- [What the task asks] The full set of lines below has to be duplicated exactly, with no picture kept.

- [Given information]
--*--

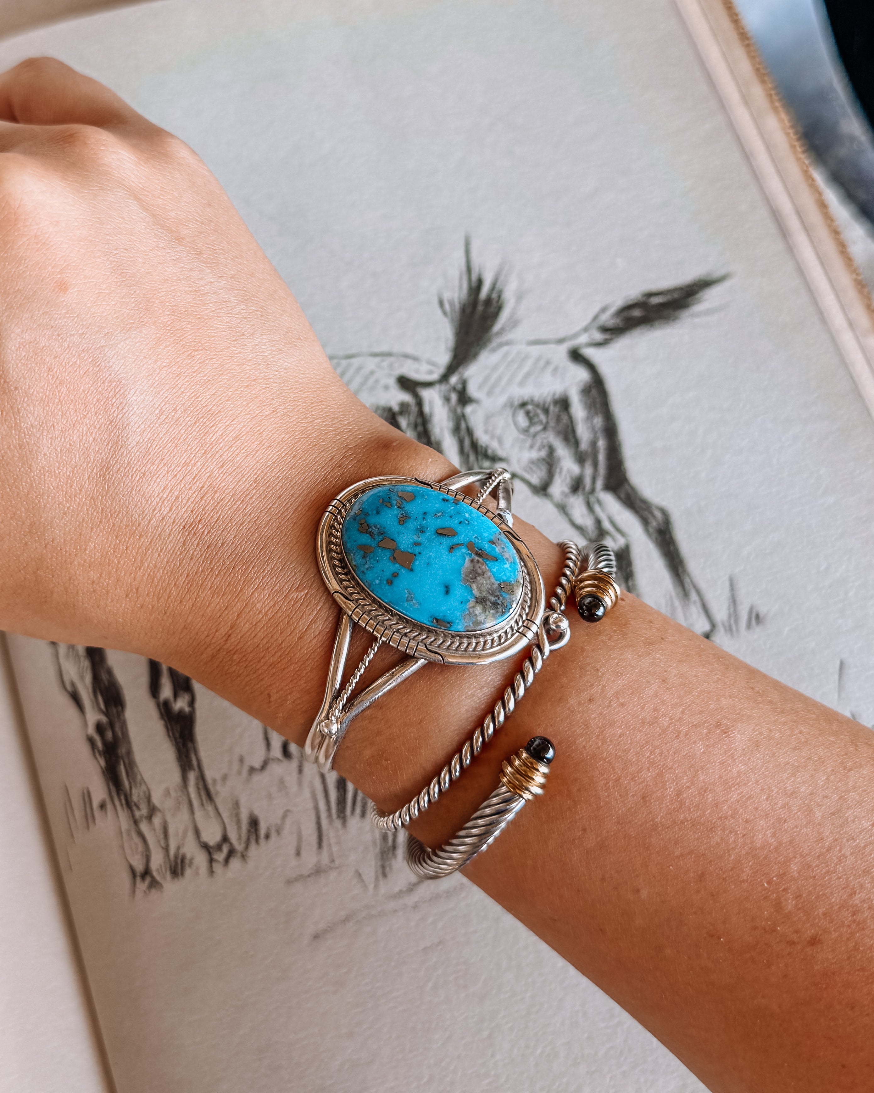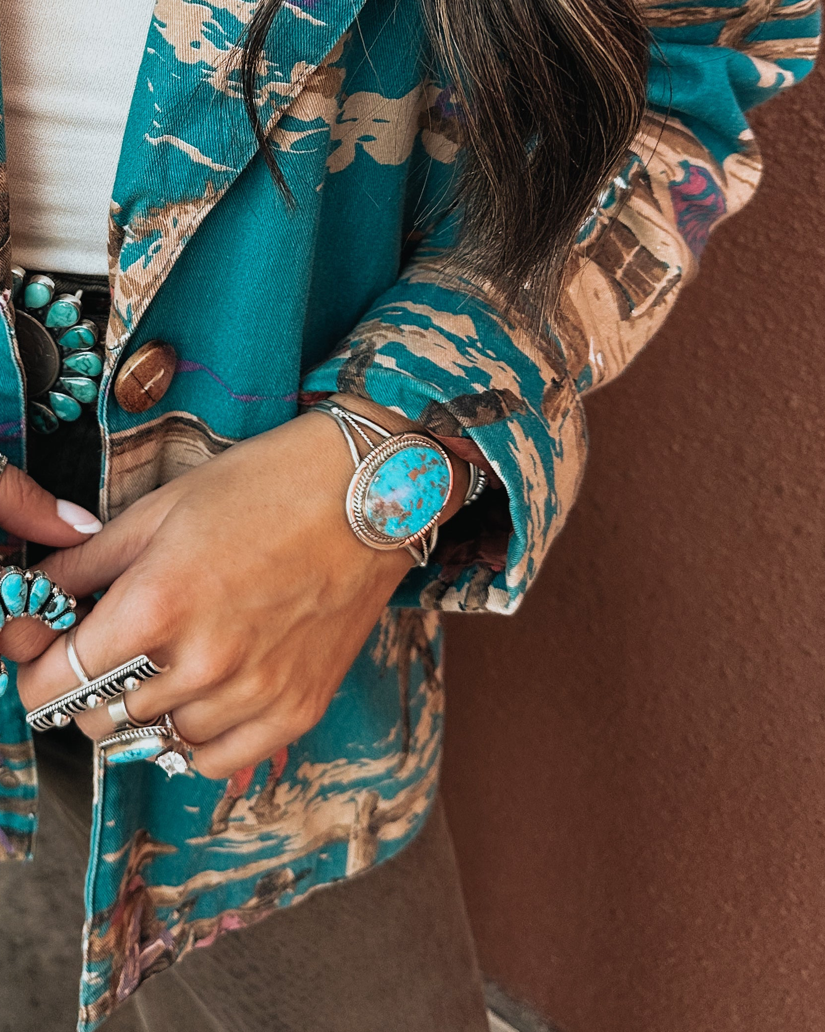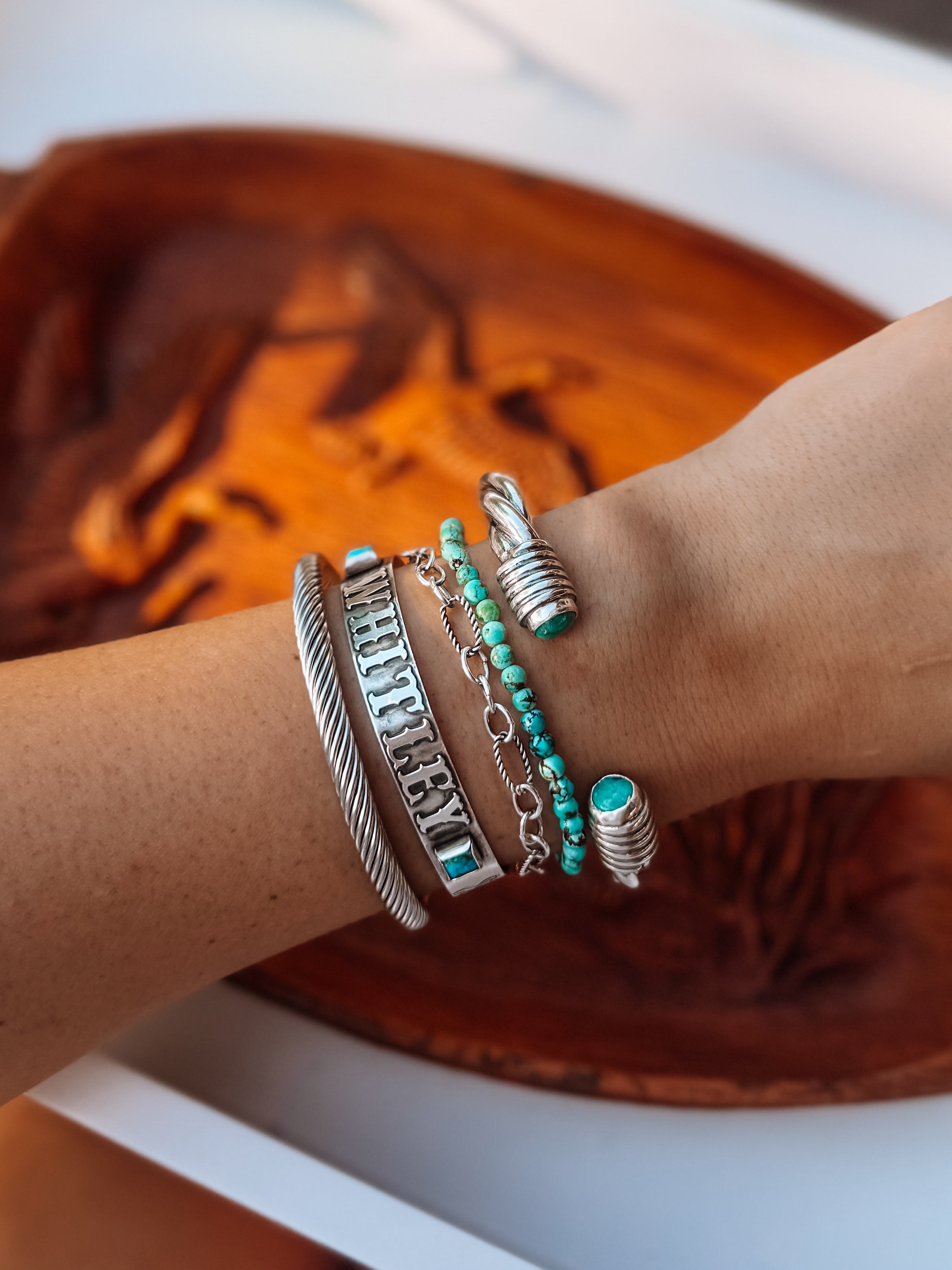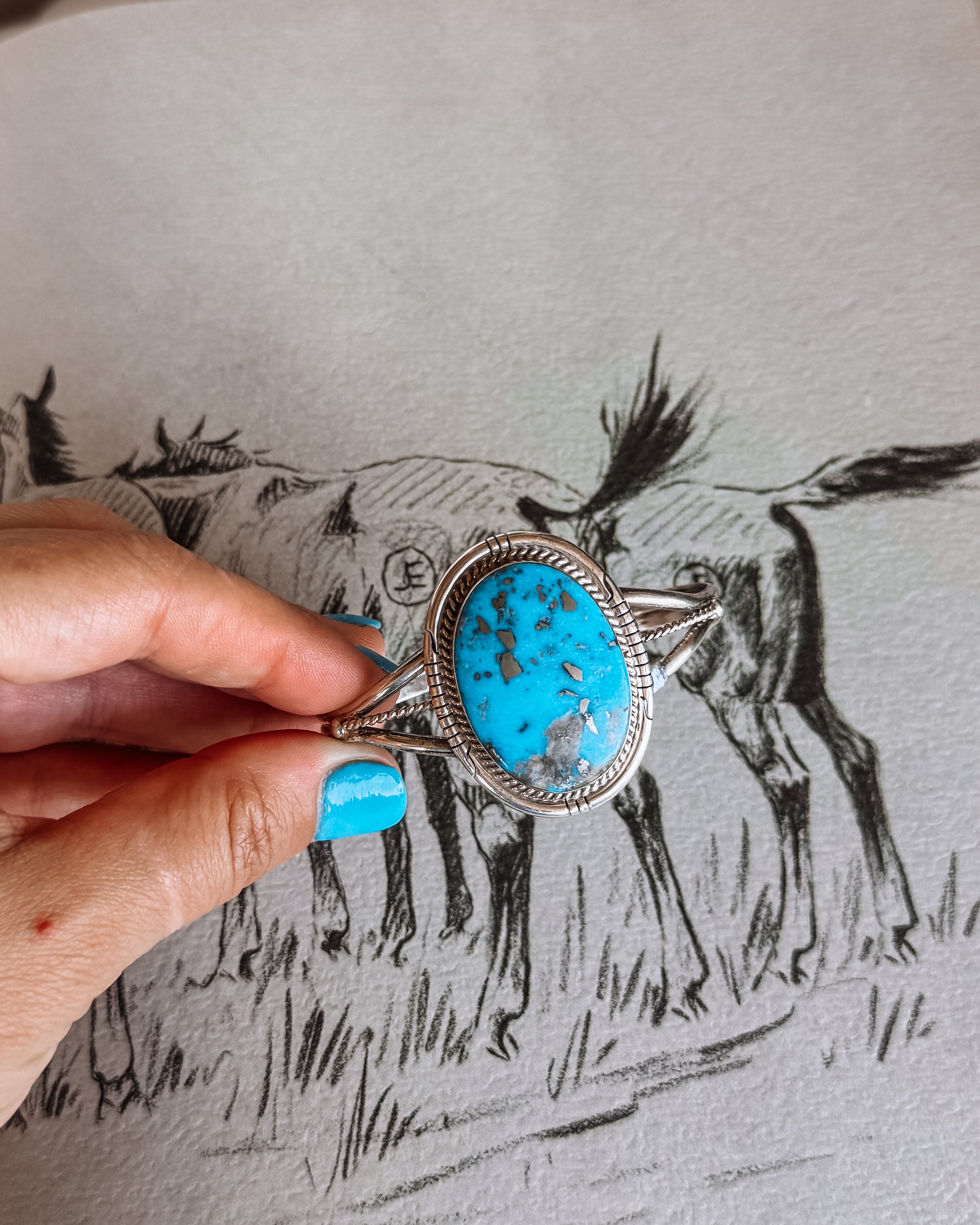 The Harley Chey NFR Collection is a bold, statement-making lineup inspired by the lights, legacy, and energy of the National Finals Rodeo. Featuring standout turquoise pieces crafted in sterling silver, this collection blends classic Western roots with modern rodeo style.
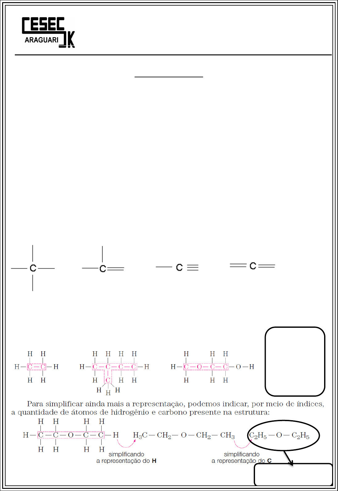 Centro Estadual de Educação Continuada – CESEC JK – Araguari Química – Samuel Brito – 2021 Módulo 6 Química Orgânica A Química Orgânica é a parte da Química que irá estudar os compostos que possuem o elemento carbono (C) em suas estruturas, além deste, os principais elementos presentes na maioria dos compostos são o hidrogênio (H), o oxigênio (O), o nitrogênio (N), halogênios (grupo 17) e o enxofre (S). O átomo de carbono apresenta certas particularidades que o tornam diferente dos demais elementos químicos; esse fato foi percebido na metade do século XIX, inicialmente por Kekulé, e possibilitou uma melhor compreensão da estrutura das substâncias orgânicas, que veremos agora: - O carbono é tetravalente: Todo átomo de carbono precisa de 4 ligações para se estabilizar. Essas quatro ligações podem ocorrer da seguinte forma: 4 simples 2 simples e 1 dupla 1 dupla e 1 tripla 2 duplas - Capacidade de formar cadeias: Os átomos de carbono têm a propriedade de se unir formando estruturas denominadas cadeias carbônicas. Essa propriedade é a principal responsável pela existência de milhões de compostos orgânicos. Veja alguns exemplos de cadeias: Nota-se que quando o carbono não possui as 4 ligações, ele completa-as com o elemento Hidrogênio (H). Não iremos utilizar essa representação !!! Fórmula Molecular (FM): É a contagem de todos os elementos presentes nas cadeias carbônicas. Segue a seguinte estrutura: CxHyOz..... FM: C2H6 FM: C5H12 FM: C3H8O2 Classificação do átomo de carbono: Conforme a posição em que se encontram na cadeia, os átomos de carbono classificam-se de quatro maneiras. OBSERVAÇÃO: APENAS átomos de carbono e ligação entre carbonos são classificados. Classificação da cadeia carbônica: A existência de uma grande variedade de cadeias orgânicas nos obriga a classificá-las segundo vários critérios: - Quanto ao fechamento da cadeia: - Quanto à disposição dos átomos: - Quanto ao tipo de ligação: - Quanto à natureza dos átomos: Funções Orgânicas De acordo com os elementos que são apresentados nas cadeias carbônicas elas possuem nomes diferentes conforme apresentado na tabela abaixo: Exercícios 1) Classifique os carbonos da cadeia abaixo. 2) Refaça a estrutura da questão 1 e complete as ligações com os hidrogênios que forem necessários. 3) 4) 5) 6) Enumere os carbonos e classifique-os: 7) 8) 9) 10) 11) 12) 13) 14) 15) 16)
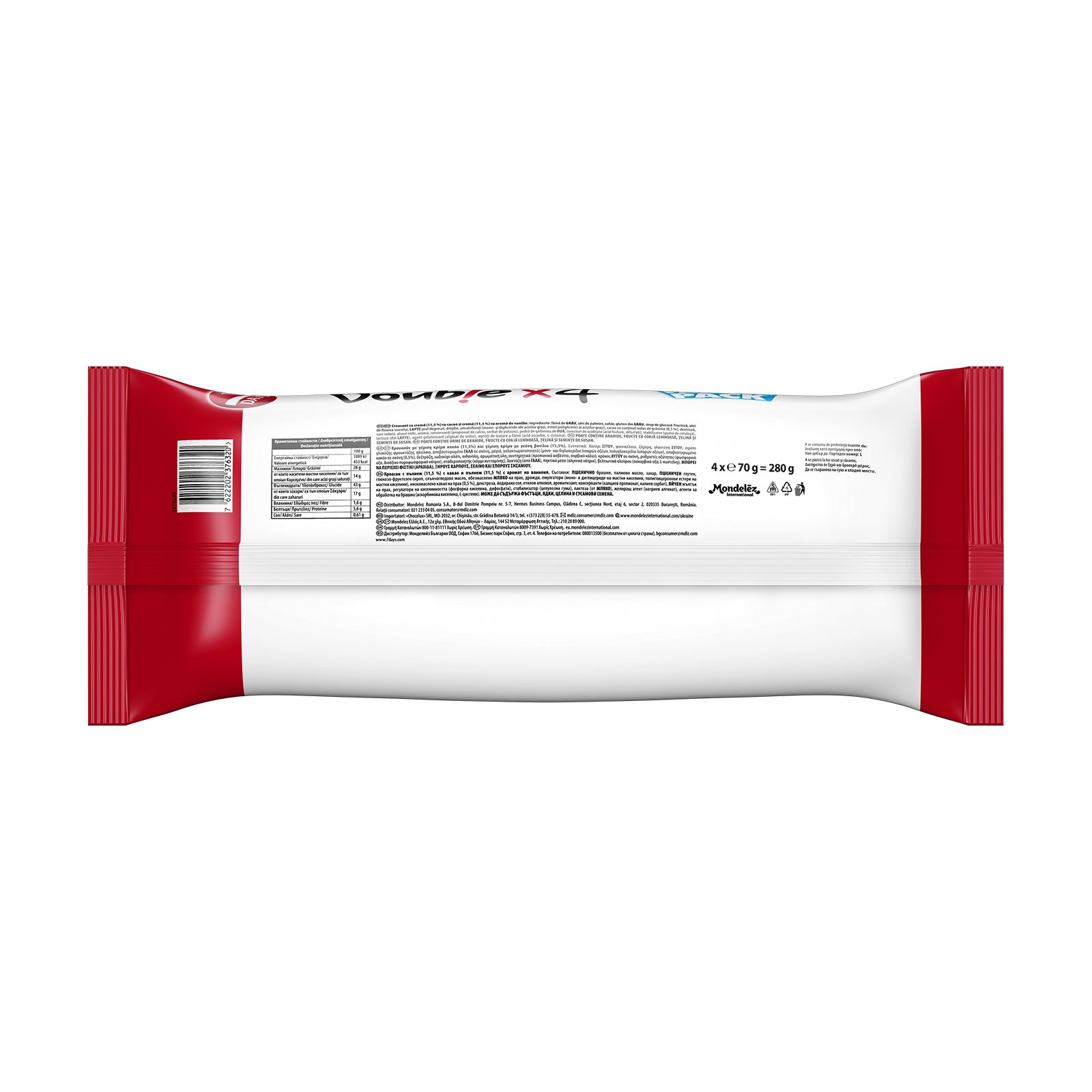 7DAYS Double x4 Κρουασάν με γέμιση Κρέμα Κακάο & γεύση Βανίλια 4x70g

--*--

- [Answer to the problem]
 The Harley Chey NFR Collection is a bold, statement-making lineup inspired by the lights, legacy, and energy of the National Finals Rodeo. Featuring standout turquoise pieces crafted in sterling silver, this collection blends classic Western roots with modern rodeo style.
 Centro Estadual de Educação Continuada – CESEC JK – Araguari Química – Samuel Brito – 2021 Módulo 6 Química Orgânica A Química Orgânica é a parte da Química que irá estudar os compostos que possuem o elemento carbono (C) em suas estruturas, além deste, os principais elementos presentes na maioria dos compostos são o hidrogênio (H), o oxigênio (O), o nitrogênio (N), halogênios (grupo 17) e o enxofre (S). O átomo de carbono apresenta certas particularidades que o tornam diferente dos demais elementos químicos; esse fato foi percebido na metade do século XIX, inicialmente por Kekulé, e possibilitou uma melhor compreensão da estrutura das substâncias orgânicas, que veremos agora: - O carbono é tetravalente: Todo átomo de carbono precisa de 4 ligações para se estabilizar. Essas quatro ligações podem ocorrer da seguinte forma: 4 simples 2 simples e 1 dupla 1 dupla e 1 tripla 2 duplas - Capacidade de formar cadeias: Os átomos de carbono têm a propriedade de se unir formando estruturas denominadas cadeias carbônicas. Essa propriedade é a principal responsável pela existência de milhões de compostos orgânicos. Veja alguns exemplos de cadeias: Nota-se que quando o carbono não possui as 4 ligações, ele completa-as com o elemento Hidrogênio (H). Não iremos utilizar essa representação !!! Fórmula Molecular (FM): É a contagem de todos os elementos presentes nas cadeias carbônicas. Segue a seguinte estrutura: CxHyOz..... FM: C2H6 FM: C5H12 FM: C3H8O2 Classificação do átomo de carbono: Conforme a posição em que se encontram na cadeia, os átomos de carbono classificam-se de quatro maneiras. OBSERVAÇÃO: APENAS átomos de carbono e ligação entre carbonos são classificados. Classificação da cadeia carbônica: A existência de uma grande variedade de cadeias orgânicas nos obriga a classificá-las segundo vários critérios: - Quanto ao fechamento da cadeia: - Quanto à disposição dos átomos: - Quanto ao tipo de ligação: - Quanto à natureza dos átomos: Funções Orgânicas De acordo com os elementos que são apresentados nas cadeias carbônicas elas possuem nomes diferentes conforme apresentado na tabela abaixo: Exercícios 1) Classifique os carbonos da cadeia abaixo. 2) Refaça a estrutura da questão 1 e complete as ligações com os hidrogênios que forem necessários. 3) 4) 5) 6) Enumere os carbonos e classifique-os: 7) 8) 9) 10) 11) 12) 13) 14) 15) 16)
 7DAYS Double x4 Κρουασάν με γέμιση Κρέμα Κακάο & γεύση Βανίλια 4x70g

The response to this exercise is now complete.